[[ The input open ]]
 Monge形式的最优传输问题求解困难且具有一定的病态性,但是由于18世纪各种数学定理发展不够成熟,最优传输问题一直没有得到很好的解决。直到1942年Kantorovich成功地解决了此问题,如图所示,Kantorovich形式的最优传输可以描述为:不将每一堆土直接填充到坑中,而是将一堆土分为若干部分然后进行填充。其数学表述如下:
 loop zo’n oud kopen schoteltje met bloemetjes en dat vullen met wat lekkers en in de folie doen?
[[ The input closed ]]
[[ The input open ]]
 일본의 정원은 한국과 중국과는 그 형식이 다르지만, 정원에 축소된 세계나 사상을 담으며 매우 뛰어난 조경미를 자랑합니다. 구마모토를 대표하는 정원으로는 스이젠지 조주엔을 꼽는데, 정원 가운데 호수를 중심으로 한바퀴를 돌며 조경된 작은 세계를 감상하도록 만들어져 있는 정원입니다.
[[ The input closed ]]
Write down again, exactly as given, only the lines above that fall from the line with "Monge形式的最优传输问题" to the line with "loop zo’n oud", inclusive.

 Monge形式的最优传输问题求解困难且具有一定的病态性,但是由于18世纪各种数学定理发展不够成熟,最优传输问题一直没有得到很好的解决。直到1942年Kantorovich成功地解决了此问题,如图所示,Kantorovich形式的最优传输可以描述为:不将每一堆土直接填充到坑中,而是将一堆土分为若干部分然后进行填充。其数学表述如下:
 loop zo’n oud kopen schoteltje met bloemetjes en dat vullen met wat lekkers en in de folie doen?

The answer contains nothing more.